Because he was labeled a political detainee, he was not allowed to speak to anyone outside. “I never spoke to my family during all those days that I was incarcerated and my lawyer only visited me twice.”

This episode, he says, has devastated him psychologically.

“I thought he was a tough guy because I’ve been through a lot in Somalia, but detention also stops your mind,” he said.

He slept on the floor while in custody, ate on the same floor, and survived mainly on bread and water because he could not bear the prison menu.

He had been released after 35 days in custody, but was detained again outside the police station.

“Suddenly six armed men came with a pickup and then I started to protest,” he said. “I mean, ‘why are they stopping us? We just got released. ‘ So while we were protesting, they started beating us. One of us was hit against the wall. I suffered a broken rib and hurt my back. They forced us into a vehicle. “

The vehicle drove around the city for about 20 minutes, then the men took Juma and the others to the police station from which they had just been released, and then left them there, the journalist said.

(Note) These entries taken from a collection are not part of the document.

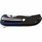Dimensions : 12,06cm fermé. La lame 8,25cm finition satin. Lame drop point acier 3Cr13. Ouverture avec l'index & le pouce. Trou pour dragonne. Clip de poche. Lame montée sur pivot avec roulements à billes. Manche aluminum blue et fibre de carbone.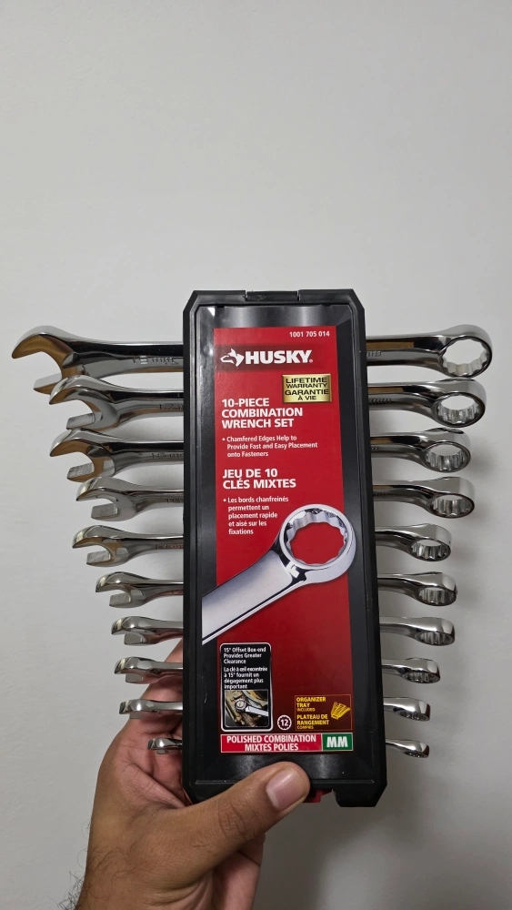 Selling a Husky 10-piece combination wrench set! It features chamfered edges to help provide fast and easy placement onto fasteners. The set includes an organizer tray, too. Used only twice.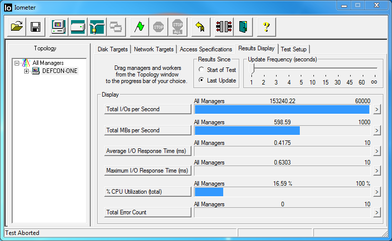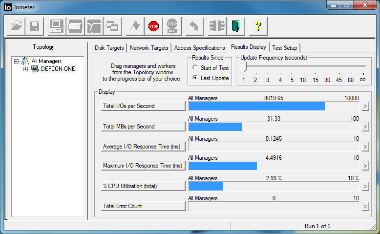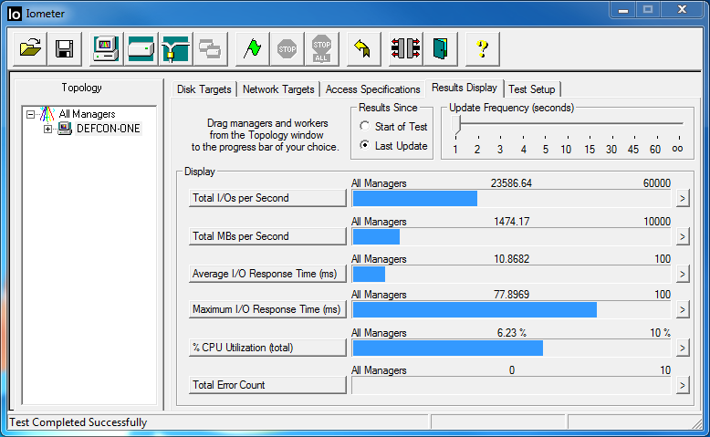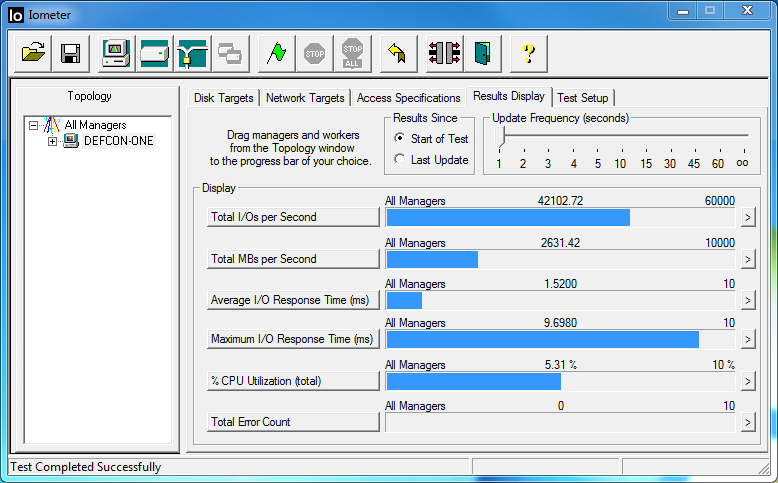 For the enthusiast crowd and enterprise, I have included IOMeter which allows for configurable cache sizes. We have set the test file to 8gb, so you can see the results without cache leverage. There are going to be a few screens displayed so your patience is appreciated as a few shots are just showing the massive amounts of IOPS that this system is capable of. In some cases, we had to use several workers to spread the load over the different cores of the processor due to Iometer limitations. 1 worker with the 4k random testing would only push results so high as we were reaching processor limitations.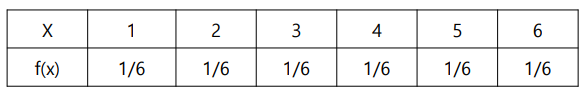 - 주사위를 한번 굴려서 나오는 숫자를 확률 변수 X라고 하면, 확률 변수 X는 아래와 같음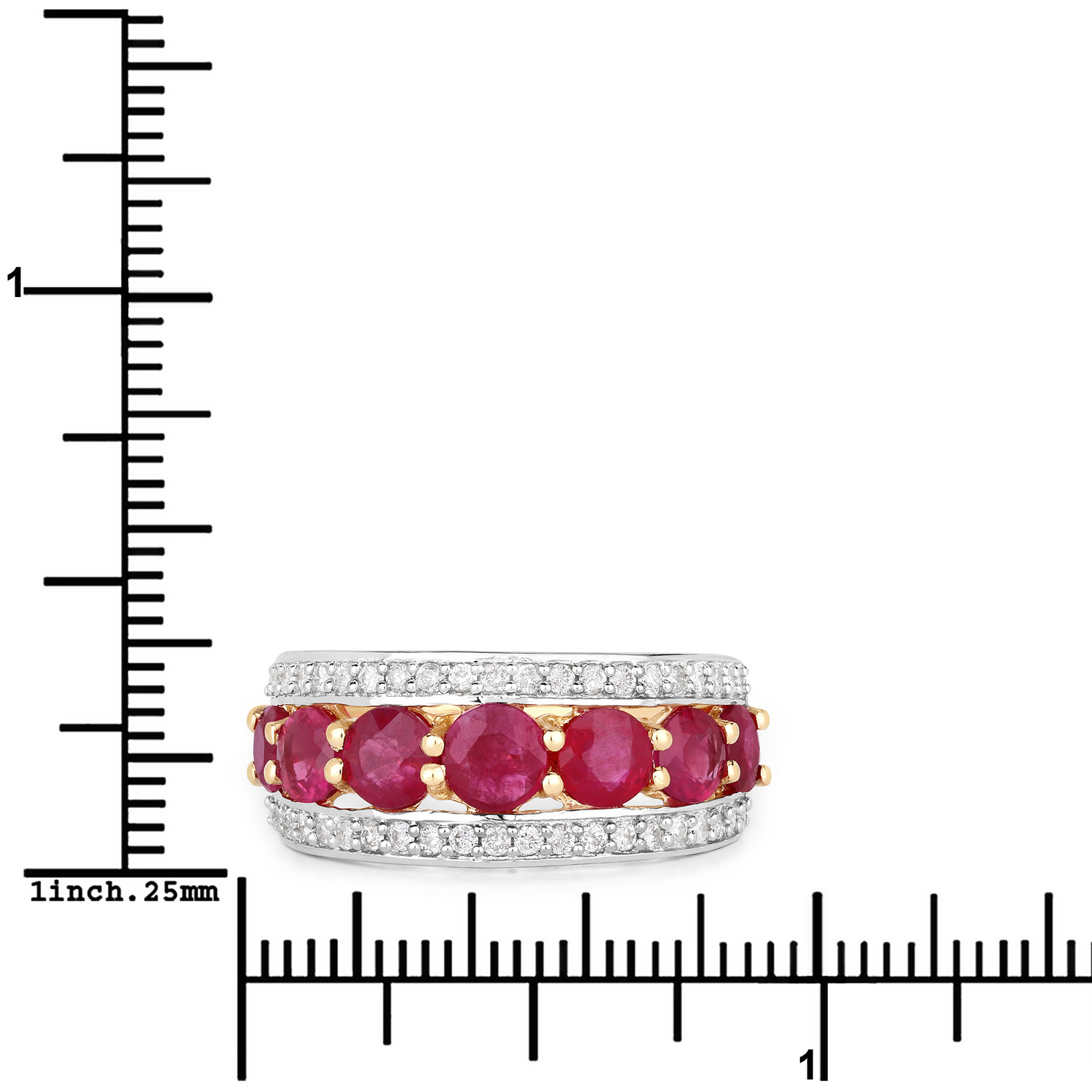 This 14 karat yellow gold ring can symbolize all of the above with 2.82 carats of round, faceted, genuine rubies prong-set in a tapered row with a border of round, brilliant-cut, H-I color, I1 clarity diamonds on each side, totaling .42 carats total weight. The ring is approximately 9.5mm wide at the top and tapers to a 2.25mm shank. The ring is US size 7. See sizing details below. Admin: Q5743/19-ong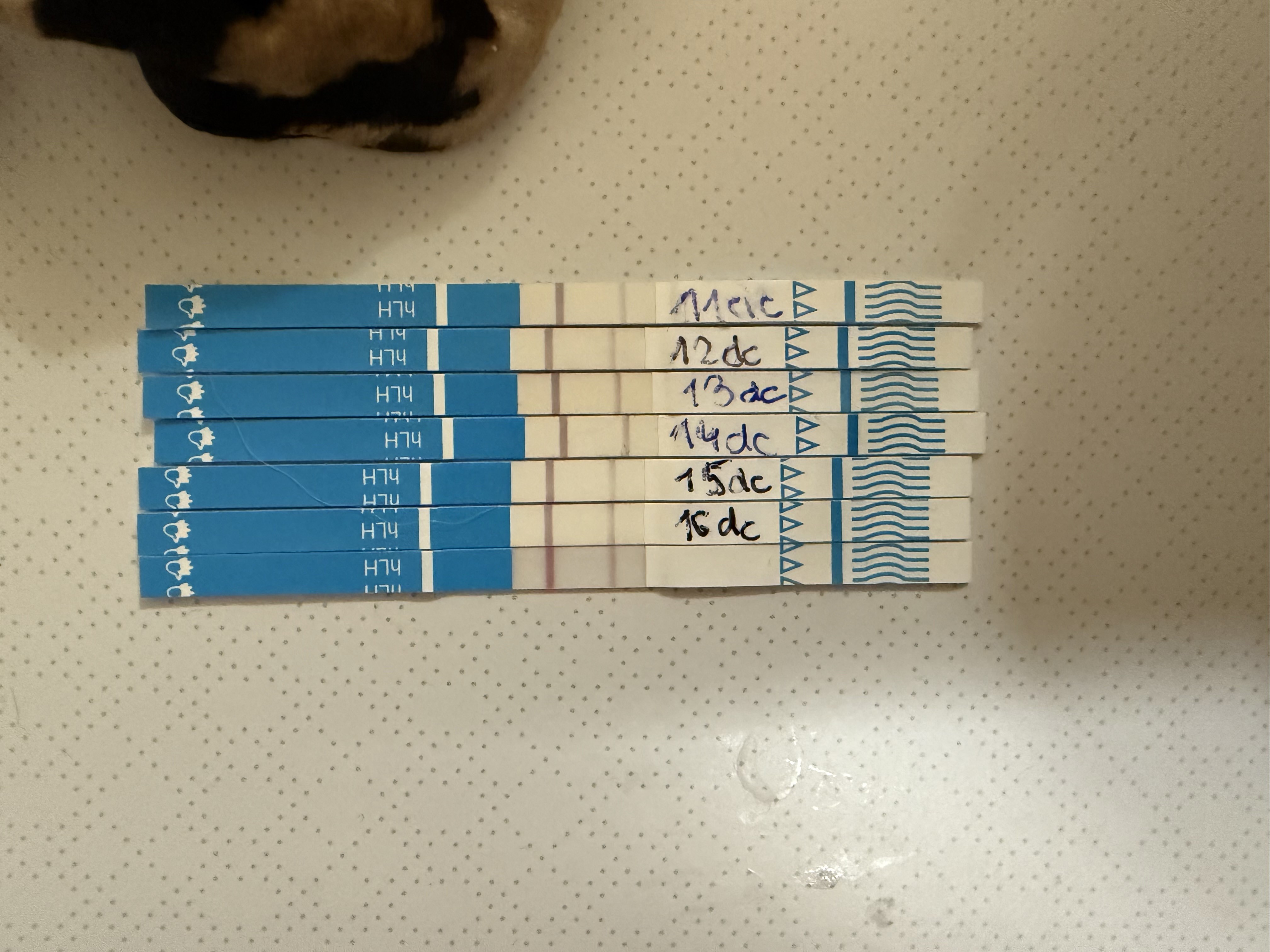 Cześć. Pierwszy raz w ogóle robię testy owulacyjne. Powiedzcie mi czy któryś z nich jest pozytywny? Ostatni robiony dziś 17dc.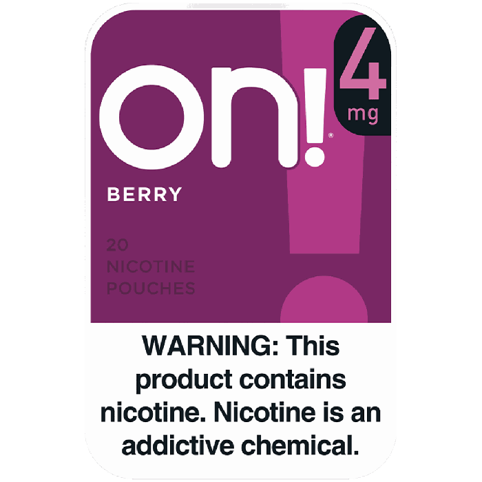 On! Berry 4mg nicotine pouches are made with tobacco-derived nicotine and come in a mini, dry format with a berry flavor. Each pouch contains 4mg of nicotine, and every can holds 20 pouches. The Berry flavor is also offered in two additional nicotine strengths: 2mg and 8mg. These pouches can be purchased online individually or in packs of 5, 10, 25, or 50 through Northerner.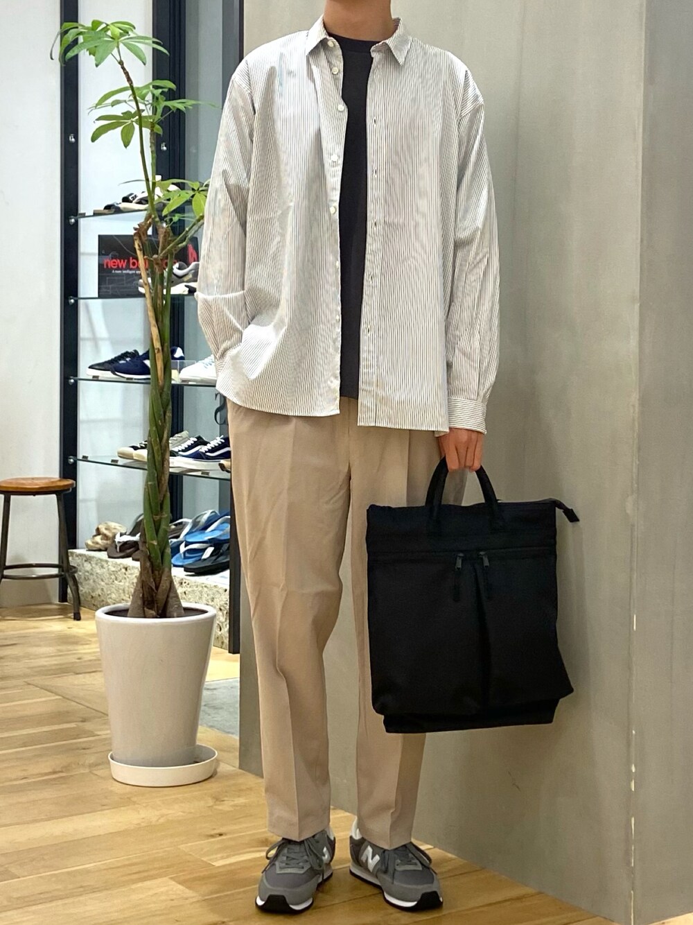 ストライプシャツで明るく爽やかな雰囲気に インナーとバッグを暗めでコーデに締まりを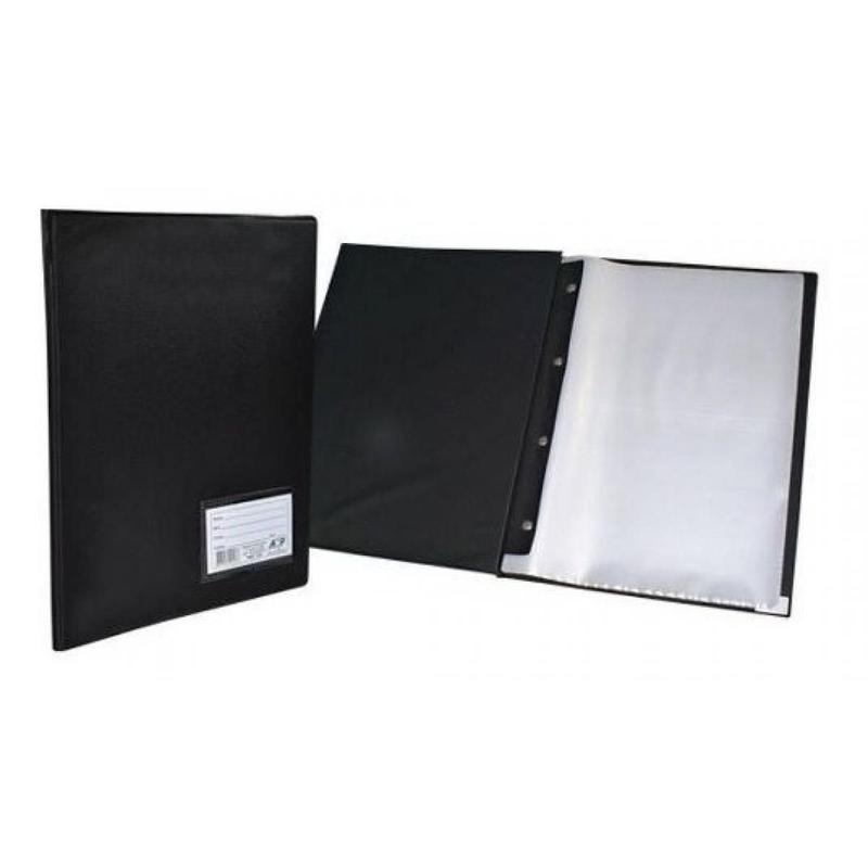 Pasta Catálogo A4 Ofício Preta ACP com 20 Sacos Plásticos Para Organizar e Arquivar Papéis, Documentos, Relatórios e Trabalhos

After re-arresting him, Juma was again taken to court, this time accused of being an international hacker.

He believes this was because the documentary he was filming for Sky News was about a project funded by Ethiopians in the diaspora that introduces e-learning in at least 10 secondary schools in the Oromo region.

“Prime Minister Abiy Ahmed received our delegation before and after completing the establishment of servers in the 10 schools as a pilot project. I was still in the process of interviewing, traveling and editing at the time of my first arrest,” he said.

After three days, they announced that he had tested positive for Covid-19.

“When they brought me to court, I insisted that we should get tested for Covid-19 because there was no running water, the bathroom was dirty and we were using our dirty hands to eat in community,” he explained.

After the results came in, 68 detainees were found to be Covid-19 positive and were placed in isolation in a different block. The next day, Juma led a protest while incarcerated due to the horrible conditions they were subjected to.

“We demand better food and a cleaner detention center. A few days later I was transferred to a clinic, thanks to a letter that I wrote to the Nation Media Group and which was published by the Daily Nation in Nairobi.”